I did some performance analysis of the Callie build we currently have available and found some interesting information.
First of all, the first time using the voice to synthesize text is radically slow because the voice needs to be loaded into memory. Subsequent syntheses however take advantage of the voice data in inactive memory and synthesize much much faster.
I wanted to test swift's performance on the Pi at normal processor speeds and overclocked speeds.
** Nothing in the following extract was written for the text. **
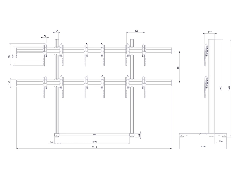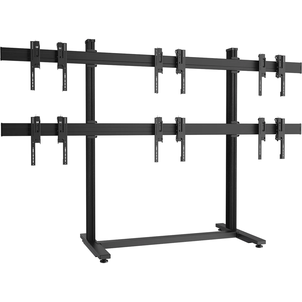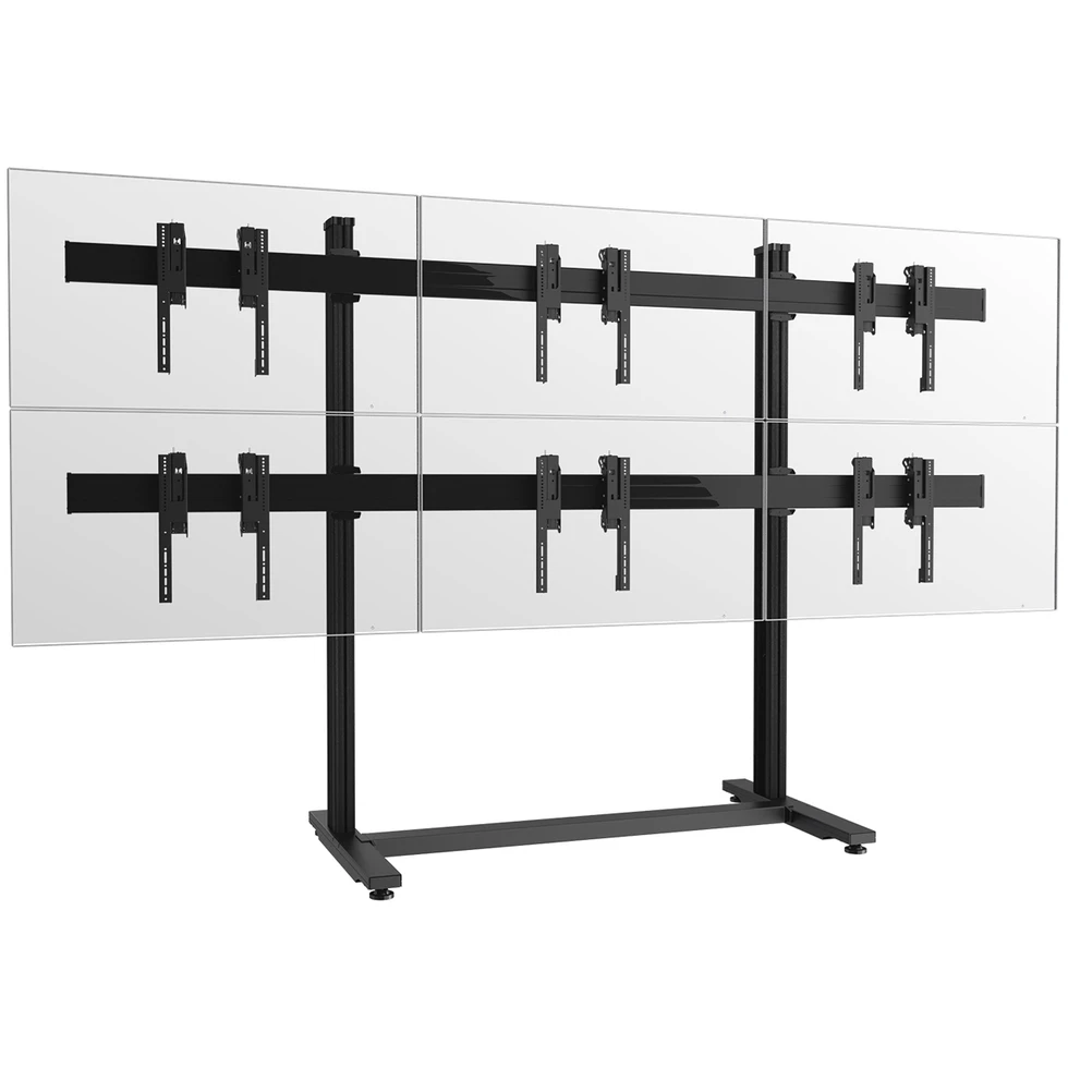 Напольный стационарный стенд для видеостены 2х3 из дисплеев 49–55''. Альбомная ориентация. Стандарт VESA 200x200..400x400 мм. Юстировка каждого дисплея в 3 плоскостях. Сервисное положение. Длина штанги: 2000 мм. Скрытый кабель-канал CIS®. Макс. нагрузка: 324 кг. Макс. масса одного дисплея: 54 кг. Цвет черный.

Set up: Create file with the phrase "This is a test of the Cepstral Swift Engine on the Raspberry Pi at various processor speeds. We hope for the best and wish you good day." in a text file. To test time to hear any synthesis we set up speakers and had two people start a timer with their cell phone at the same time I executed a swift command. They would stop the timer when they heard the voice start speaking. Doing this several times gave a rough approximation. I also did the following command to time the actual length of time it takes to synthesize the entire audio:
- Code: Select all
time swift -n Callie -f input.txt
Results:
Overclock Setting ||| Time to Hear ||| Time To Synth
None ||| 1.5s ||| 2.182s
Medium ||| 1.3s ||| 1.928s
Turbo ||| 1.1s ||| 1.798s
We find that a 1s delay is not very noticeable thus making Callie very suitable for usage in a Real Time TTS application in our opinions.